File metadata and controls

186 lines (148 loc) · 9.32 KB

DocSum Logo

DocSum

A tool to automatically summarize documents (or plain text) using either the BART or PreSumm Machine Learning Model.

Open In Colab

BART (BART: Denoising Sequence-to-Sequence Pre-training for Natural Language Generation, Translation, and Comprehension) is the state-of-the-art in text summarization as of 02/02/2020. It is a "sequence-to-sequence model trained with denoising as pretraining objective" (Documentation & Examples).
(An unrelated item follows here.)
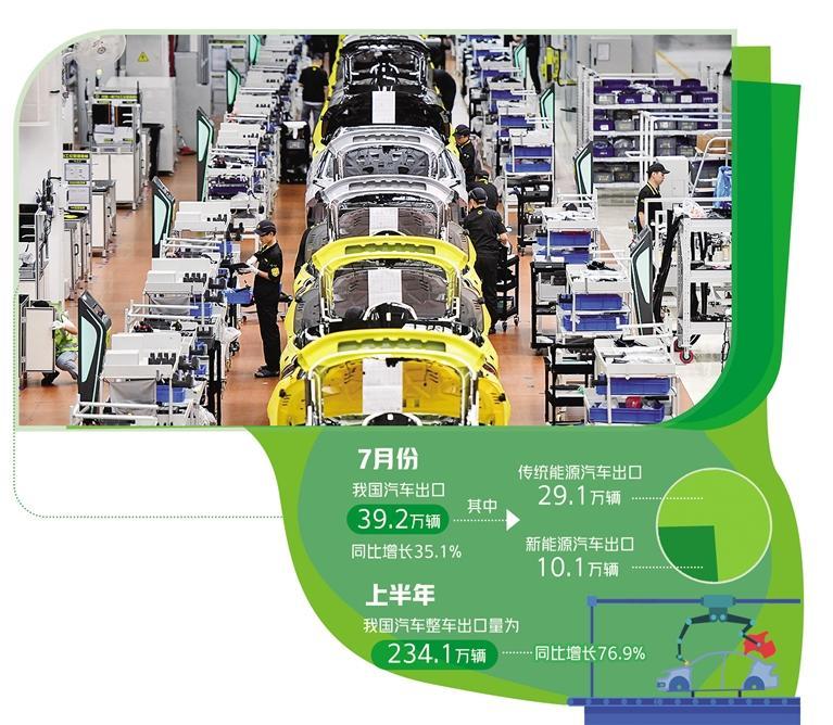 中汽协刚刚发布的7月份数据也符合这样的预测。7月份,我国汽车出口39.2万辆,同比增长35.1%。其中,传统能源汽车出口29.1万辆,同比增长23.2%;新能源汽车出口10.1万辆,同比增长87%。

PreSumm (Text Summarization with Pretrained Encoders) applies BERT (Bidirectional Encoder Representations from Transformers) to text summarization by using "a novel document-level encoder based on BERT which is able to express the semantics of a document and obtain representations for its sentences." BERT represented "the latest incarnation of pretrained language models which have recently advanced a wide range of natural language processing tasks" at the time of writing (Documentation & Examples).

Tasks

  1. Convert a PDF to XML and then interpret that XML file using the font property of each text element using main.py. Utilizes the xml.etree.elementtree python library.
  2. Summarize raw text input using cmd_summarizer.py. You can run this in Google Colaboratory by clicking this button: Open In Colab
  3. Summarize multiple text files using presumm/run_summarization.py

Getting Started

These instructions will get you a copy of the project up and running on your local machine.

Prerequisites

Installation

sudo apt install poppler-utils
git clone https://github.com/HHousen/docsum.git
cd docsum
conda env create --file environment.yml
conda activate docsum

To convert PDF to XML

pdftohtml input.pdf -i -s -c -xml output.xml

Project Structure

DocSum
├── bart_sum.py
├── cmd_summarizer.py
├── docsum.png
├── environment.yml
├── LICENSE
├── main.py
├── presumm
│   ├── configuration_bertabs.py
│   ├── __init__.py
│   ├── modeling_bertabs.py
│   ├── presumm.py
│   ├── run_summarization.py
│   └── utils_summarization.py
├── README.md
└── xml_processor.py

Usage

Output of python main.py --help:

usage: main.py [-h] [-t {pdf,xml}] [-m {bart,presumm}] [--bart_checkpoint PATH] [--bart_state_dict_key PATH] [--bart_fairseq] -cf N [N ...]
               -bhf N [N ...] -bf N [N ...] [-ns] [--output_xml_path PATH] [-l {DEBUG,INFO,WARNING,ERROR,CRITICAL}]
               PATH

Summarization of PDFs using BART

positional arguments:
  PATH                  path to input file

optional arguments:
  -h, --help            show this help message and exit
  -t {pdf,xml}, --file_type {pdf,xml}
                        type of file to summarize
  -m {bart,presumm}, --model {bart,presumm}
                        machine learning model choice
  --bart_checkpoint PATH
                        [BART Only] Path to optional checkpoint. Semsim is better model but will use more memory and is an additional 5GB
                        download. (default: none, recommended: semsim)
  --bart_state_dict_key PATH
                        [BART Only] model state_dict key to load from pickle file specified with --bart_checkpoint (default: "model")
  --bart_fairseq        [BART Only] Use fairseq model from torch hub instead of huggingface transformers library models. Can not use
                        --bart_checkpoint if this option is supplied.
  -cf N [N ...], --chapter_heading_font N [N ...]
                        font of chapter titles
  -bhf N [N ...], --body_heading_font N [N ...]
                        font of headings within chapter
  -bf N [N ...], --body_font N [N ...]
                        font of body (the text you want to summarize)
  -ns, --no_summarize   do not run the summarization step
  --output_xml_path PATH
                        path to output XML file if `file_type` is `pdf`
  -l {DEBUG,INFO,WARNING,ERROR,CRITICAL}, --log {DEBUG,INFO,WARNING,ERROR,CRITICAL}
                        Set the logging level (default: 'Info').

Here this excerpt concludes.